Friday, December 14, 2007

This Just In-Home Prices Have to Fall!

The big snowstorm passed last night. I have to give a tip of the hat to the Massachusetts Highway Department. The heavy snow ended up here around 9pm, and by 6am this morning when I left for work the main highways were in excellent condition. Great job guys! The side roads in Cambridge were another matter entirely! You can't have it all!

This Just In-Home Prices Have to Fall!
The end of the week was very interesting. After a FED rate cut on Tuesday, and an announced plan of lending money through novel channels by central banks the world over on Wednesday, the calls for "more liquidity' were answered in full. I would say somewhere around late Thursday and into today there was a new murmur running through the media and markets. The revelation? The deep insight? the dawning of a new era? All this and more? you bet.

The concept that Home Prices are Too High and Must Come Down is finally being recognized as a certainty. Sound familiar? It should, as I summed up the core of the problem a few posts ago using that exact language. Up until now, all the SIV bailout plans, FED rate cuts, and rate reset freeze plans all were operating under the mistaken assumption that home prices would stay somewhere near where they are now. Perhaps a 10% correction at most. A key feature of all the plans was the idea that maybe a year was needed for things to resume their rocket path towards the heavens.

Calculated Risk has great posts on this changing situation in the following posts:
http://calculatedrisk.blogspot.com/2007/12/more-2008-housing-forecasts.html
http://calculatedrisk.blogspot.com/2007/12/krugman-after-moneys-gone.html
Complete with this wonderful graph:

One look at this graph really tells you all you need to know. It took time for the bubble to grow, and it will take time for it to deflate. The move by Citi to take some SIV's onto their balance sheet can be viewed as a move to start the process of loss management.

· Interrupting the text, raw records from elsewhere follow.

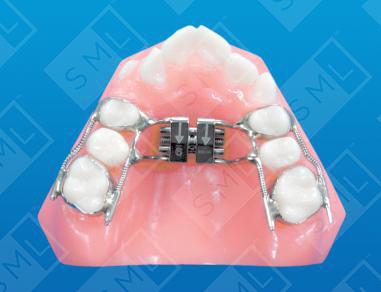 The CD Multi-Action Hyrax constitutes another solution for accomplishing distal bodily movement of the first molars while expanding the arch laterally. It incorporates the use of NiTi coil spring, compacted onto buccal and lingual bars that run from the bicuspids to the molars. The bars are soldered to the bicuspid bands and run through tubes which are soldered to the molar bands. As the coil expresses itself, the molars slide distally along the bars in a bodily fashion. Note: Once molar position is established (and the arch is expanded), a holding arch is usually placed. The bicuspids and cuspids are brought back in the arch form -- one at a time -- using fixed mechanics.
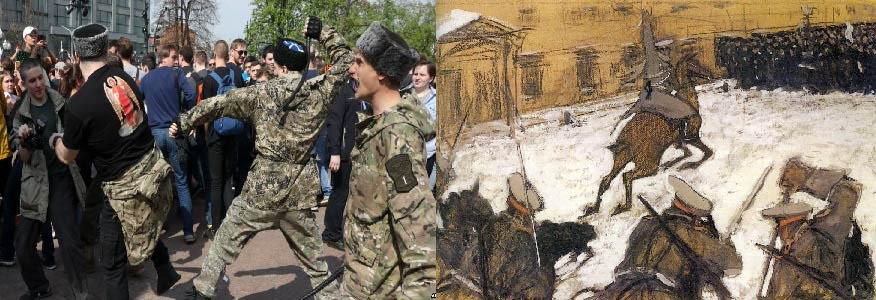 Как только казаки избили нагайками навальнистов на митинге «Он нам не царь», сразу же излился поток исторических параллелей с революцией 1905 года: известная картина Серова «Солдатушки, бравы ребятушки, где же ваша слава?» (картинка справа), прекрасные карикатуры из дореволюционных сатирических журналов времен Первой революции, яркие воспоминания очевидцев.
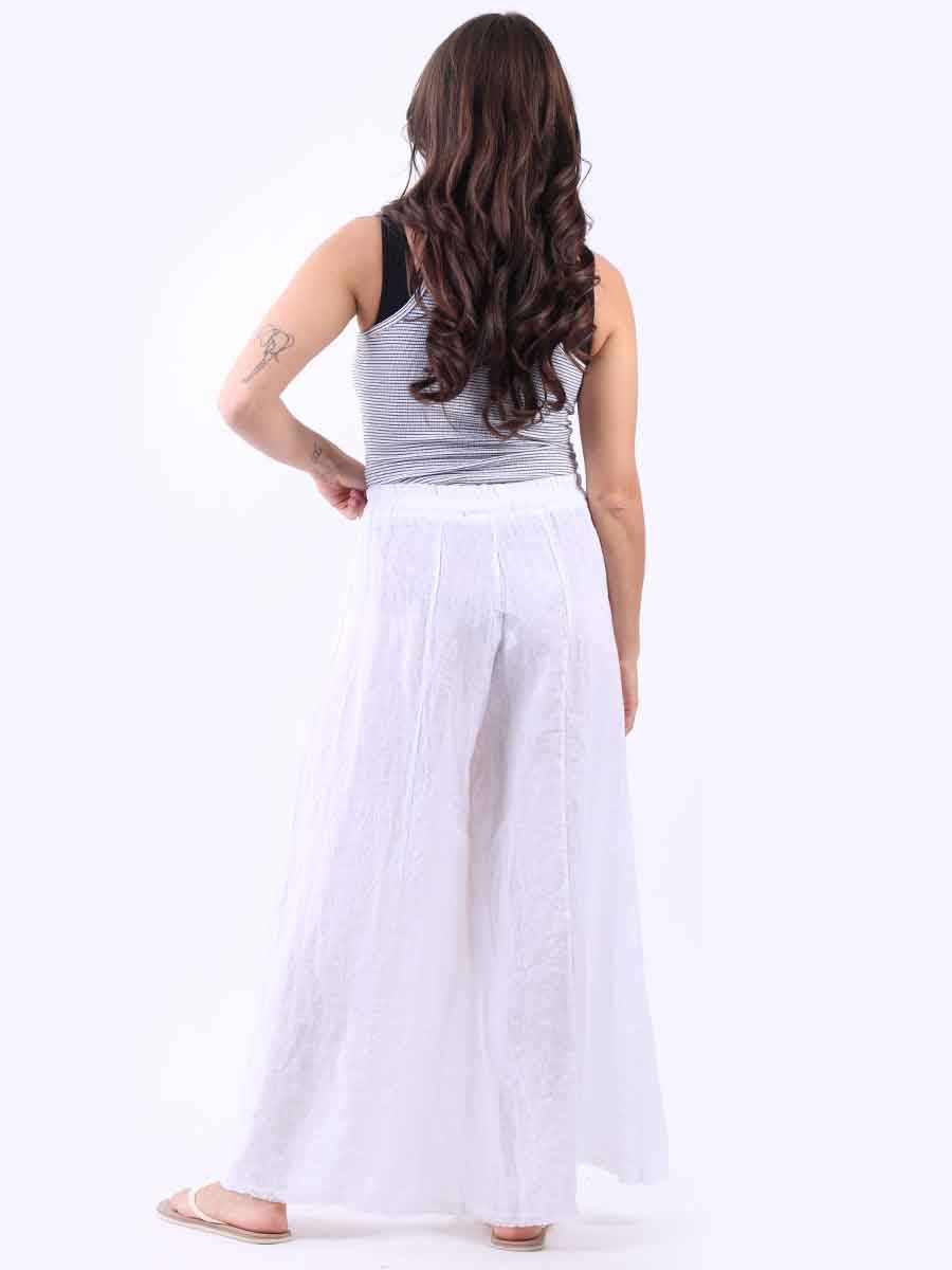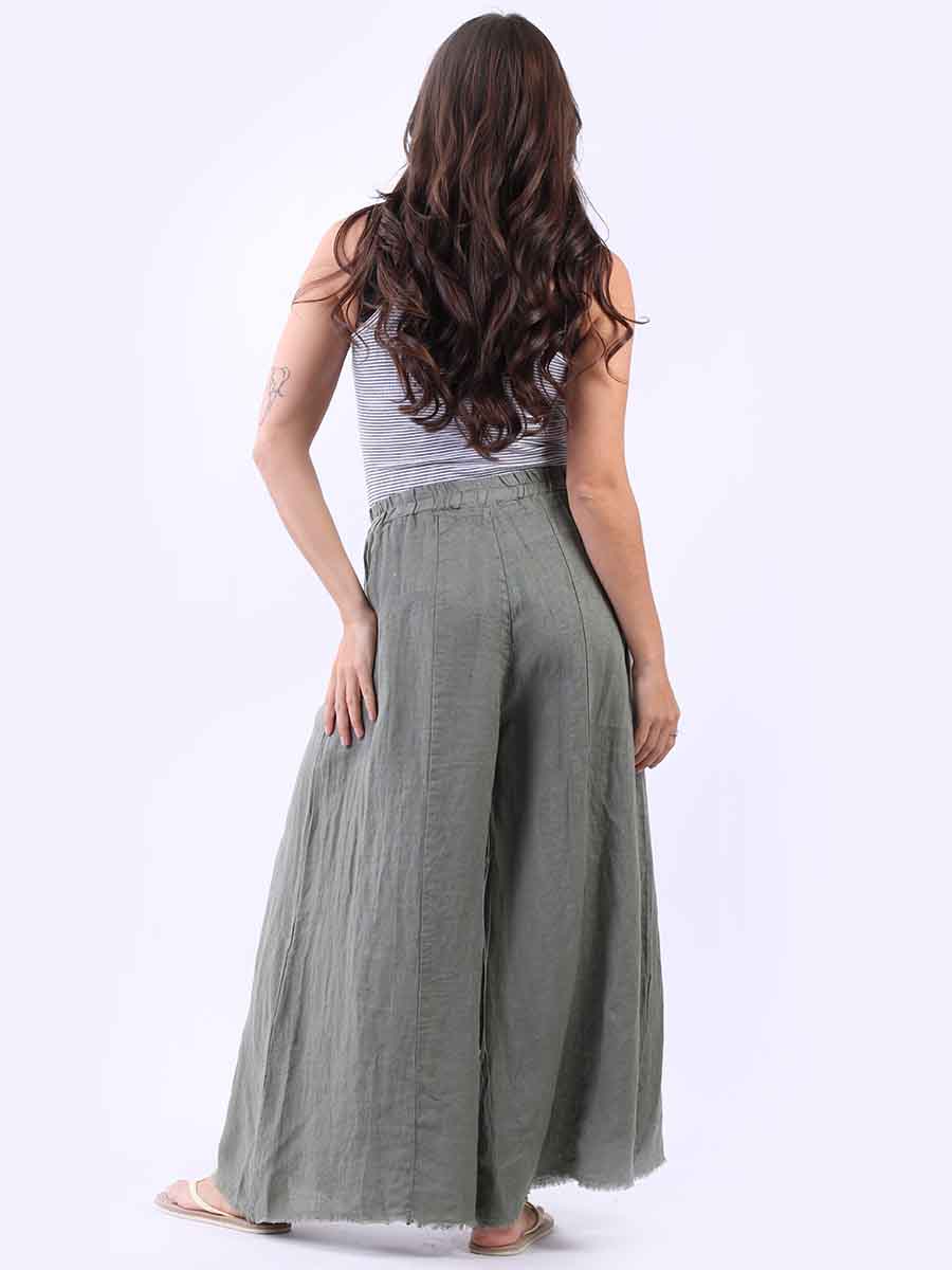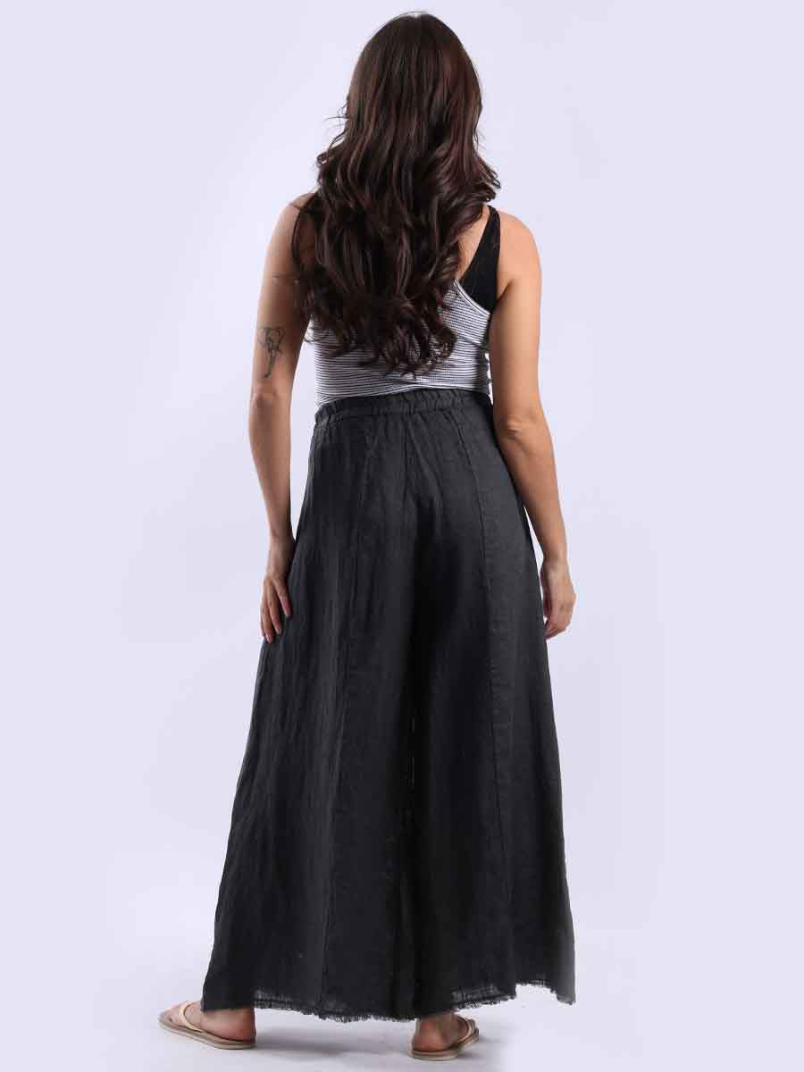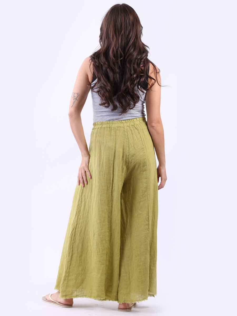 This refined Italian-made trouser, designed by Fashion boutique USA, has everything you need to elevate your everyday wardrobe. It is tailored from pure linen fabric for unmatched breathability and softness with basic features like an elastic waist, functional front pocket, and subtle raw edges. If you are looking for simplicity and sophistication in every outfit, these plain palazzos are a must-have addition to your wardrobe.

What does this all mean? I can think of a few right away:
  • Continued extreme pressure on home prices as buyers will be in NO rush
  • A return to almost traditional lending requirements
  • Massive bank losses
  • Psychology change about homes

We have discussed the particulars of all this already. The take home point is that slowly but surely the truth that things got way out of hand in housing is coming to the mainstream line of thought. This will put enormous pressure on banks and lenders to stop the game of "hide the losses until the losses are recovered" and move towards the needed unwinding of the mortgage mess.

This does not mean things are going to get better any time soon. This does not mean the growing acknowledgement of the home price issue will take root. It just means that the solution has been in the very least glimpsed. How the reaction to this reality unfolds is the fun part.

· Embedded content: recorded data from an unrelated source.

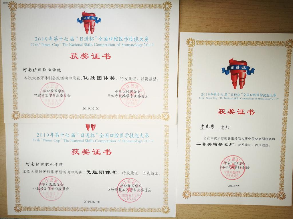 由于我院首次参加口腔医学专业组比赛,缺乏参赛及辅导经验,口腔教研室主任葛秋云及全体口腔专业教师组成竞赛辅导团队,在备赛期间,各辅导教师精诚合作,共同研究评分细则,认真拟定培训方案,组织讨论比赛内容,规范操作技能,放弃休息时间,全力以赴,悉心指导,一分一分地抠细节,提成绩。同学们发扬河护精神,锲而不舍、刻苦拼搏、勇于争先,不叫苦不叫累。学院领导高度重视,院长郭茂华多次对竞赛做出指示,在资金、人员方面给予大力支持,并在参赛前安排李光彬老师带队外出参加培训,获得了宝贵的比赛信息和实战经验。欲戴王冠,必受其重!经过全体师生五个多月的备赛,在付出了超常的辛苦和努力后,功夫不负有心人,此次大赛我院硕果累累,喜报频频!
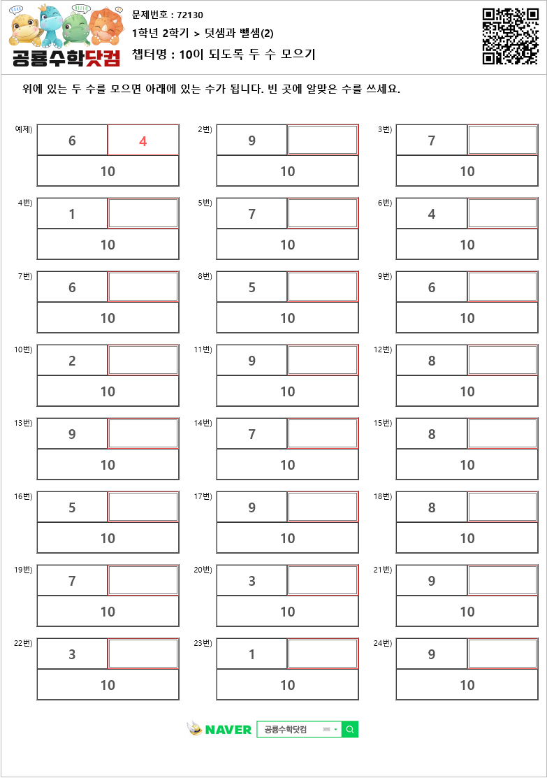 2022년 1월 19일 오늘의 수학 프린트 문제지는 10이 되도록 두 수 모으기 입니다.
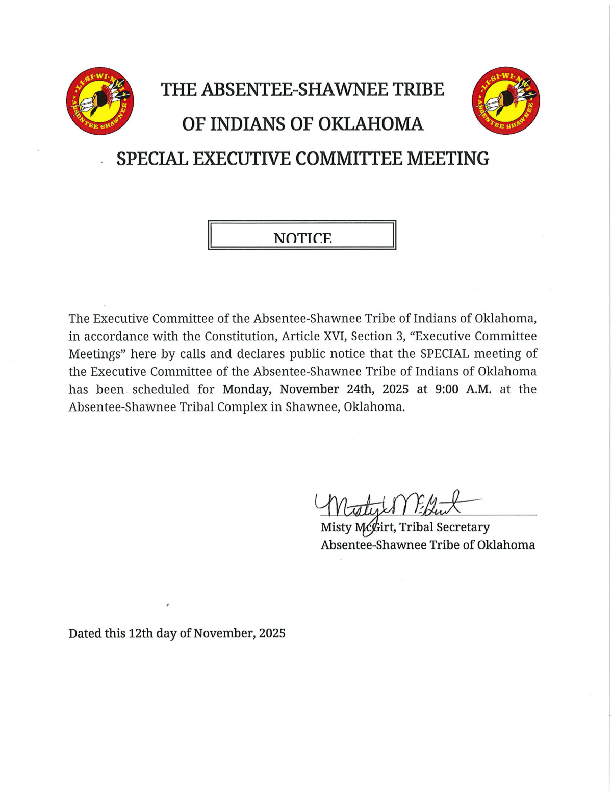 The Executive Committee of the Absentee Shawnee Tribe of Indians of Oklahoma, in accordance with the Constitution, Article XVI, Section 4, "Executive Committee Meetings" hereby calls and declares public notice that the SPECIAL meeting of the Executive Committee of the Absentee Shawnee Tribe of Indians of Oklahoma has been scheduled for Monday November 24 2025 at 9 AM at the Absentee Shawnee Tribal Complex in Shawnee, Oklahoma.
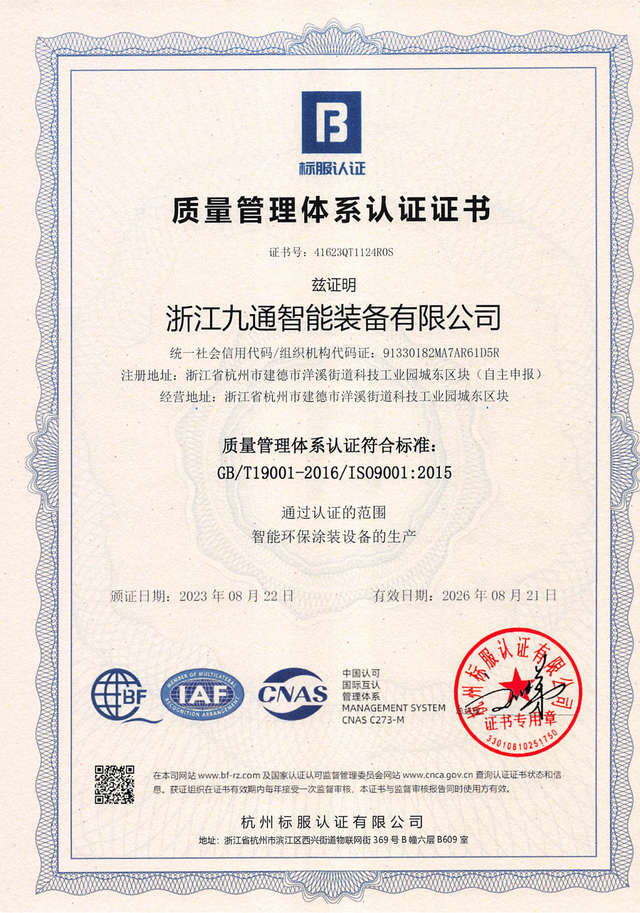 浙江九通智能裝備有限公司簡稱九通,由“譽滿九州 廣陌通衢”而來,成立于2011年,專注于智能環保涂裝整體解決方案系統,是一家集咨詢、勘察、設計、研發、生產、銷售、安裝、調試、交付、運維于一體的專業服務廠商,研發總部位于北京,生產基地設立于浙江、山東、廣東。產品包括涂裝生產線、噴砂房、噴漆房、涂裝機器人、烤漆房、噴漆烘干一體房、除塵設備、有機廢氣處理設備等,客戶群體包括風電、軌道交通、航空航天、專用車、汽車、結構件、石油裝備、工程機械、礦工機械等領域,項目經驗豐富!
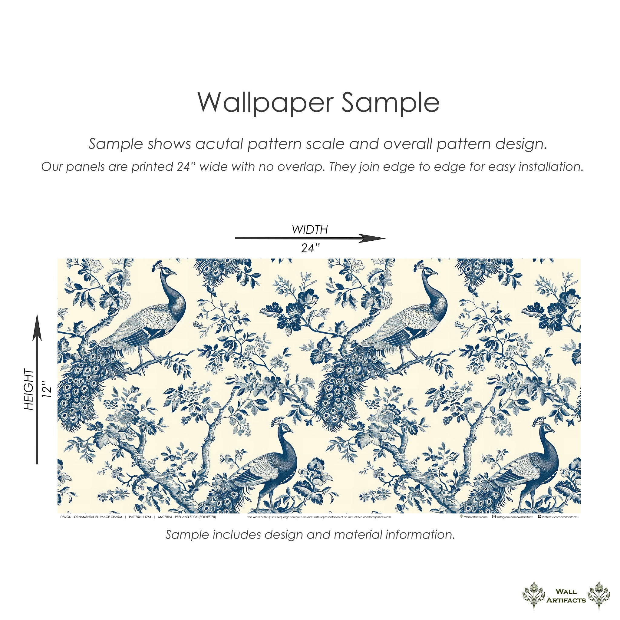 Our panels are 24” (2 feet) wide. Unlike most wallpaper rolls where there is approximately 1” of overlap, our panels are printed to the edge, making it easier for self-installation.
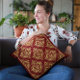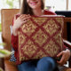 Guld & Burgundy Blommigt Damaskasker Geometric Mön Kudde

Sorry for the short post, but I am home late. I also wanted to make sure I get some Rock Blogging in to start the Friday night festivities!

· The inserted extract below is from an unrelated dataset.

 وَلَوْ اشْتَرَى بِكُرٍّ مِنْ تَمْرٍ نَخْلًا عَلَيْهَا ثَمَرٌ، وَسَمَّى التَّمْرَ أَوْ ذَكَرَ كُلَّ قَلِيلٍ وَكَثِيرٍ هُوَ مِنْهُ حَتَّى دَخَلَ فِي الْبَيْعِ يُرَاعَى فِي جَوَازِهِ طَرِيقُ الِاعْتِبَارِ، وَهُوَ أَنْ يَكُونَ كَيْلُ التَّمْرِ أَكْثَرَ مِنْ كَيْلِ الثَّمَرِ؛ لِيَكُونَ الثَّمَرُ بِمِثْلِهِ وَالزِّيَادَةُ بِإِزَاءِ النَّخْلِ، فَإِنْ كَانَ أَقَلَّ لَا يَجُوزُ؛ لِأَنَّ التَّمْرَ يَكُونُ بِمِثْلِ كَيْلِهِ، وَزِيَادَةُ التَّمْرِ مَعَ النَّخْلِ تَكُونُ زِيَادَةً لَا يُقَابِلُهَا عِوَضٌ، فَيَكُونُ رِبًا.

Ozzy Osbourne with "Bark at the Moon". Bad video, but great song. Great baseline, rhythm changes and great guitar work highlight the piece:

Queen did all the music for the great movie 'The Highlander". I found a great video montage of all the sword fights set to the song "Gimme the Prize". Too cool:

A newer band you may never have heard is Must. This song is called "Freechild" and the speed changes and vocals are top notch:

Have a good night.

1 comment:

Anonymous said...

Jim wrote a piece concerning the "inflation/deflation" dilemma over at The Great Depression 2006 website that I thought was interesting.